Audrey Josephine Cahn (17 October 1905 – 1 April 2008) was an Australian microbiologist and nutritionist.

The daughter of Professor William Alexander Osborne and Ethel Elizabeth Goodson, a medical practitioner and industrial hygienist, she was born Audrey Josephine Osborne in Melbourne and grew up on the campus of the University of Melbourne. She earned a Bachelor of Agricultural Science at the university in 1929 and, later, received a diploma in dietetics. She first worked as a microbiologist and food analyst for Kraft.
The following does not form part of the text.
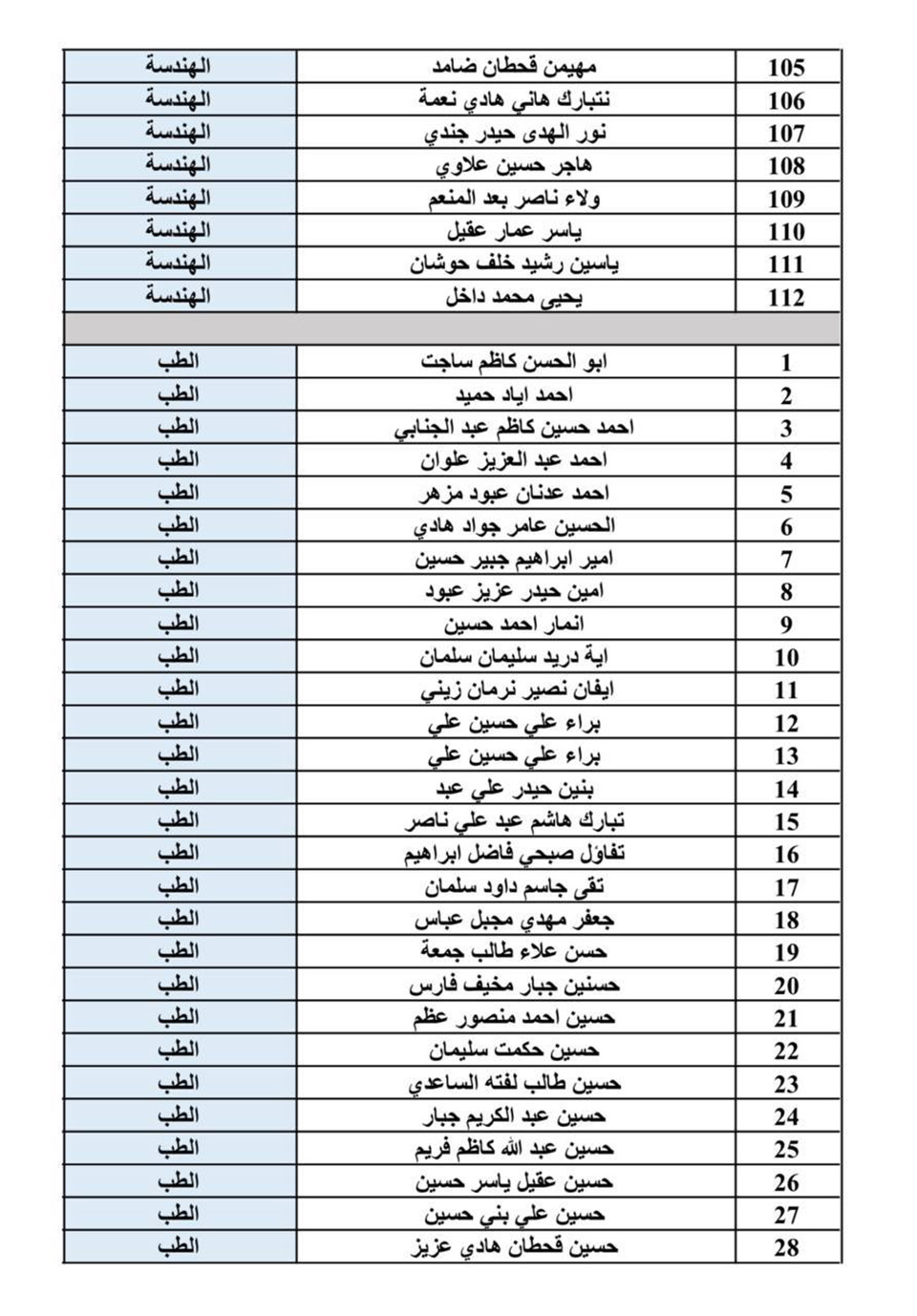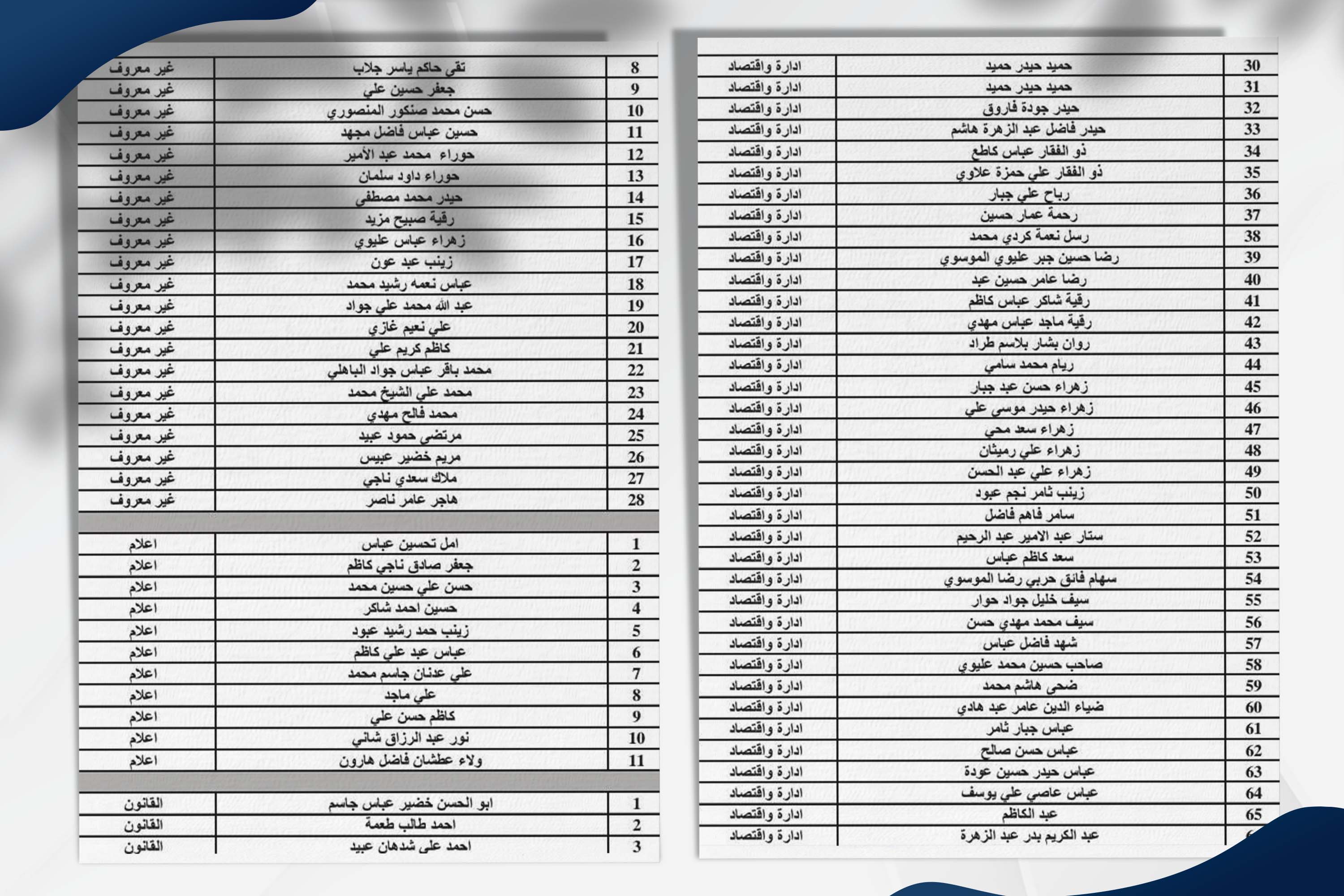 يجب على الطلبة المدرجة أسماؤهم في القوائم أدناه مراجعة قسم الشؤون القانونية في جامعة وارث الأنبياء (عليه السلام) خلال مدة أربعة أيام، اعتبارًا من يوم غد السبت الموافق 28/12/2024.

In 1930, she married Leslie Cahn, an architect. Cahn died in Canberra at the age of 102.

Career and achievements 

Cahn was employed as chief dietician at St Vincent's Hospital, at the Victorian Mental Hygiene Department and at the Royal Perth Hospital. During World War II, she was chief dietician at the Heidelberg Military Hospital. From 1947 to 1959, she was a dietetics lecturer at the University of Melbourne ; from 1959 until 1968, when she retired, she was chief lecturer in nutrition and applied dietetics at the university. Audrey Cahn was the first woman to complete the newly established agriculture degree at the University of Melbourne in 1928. 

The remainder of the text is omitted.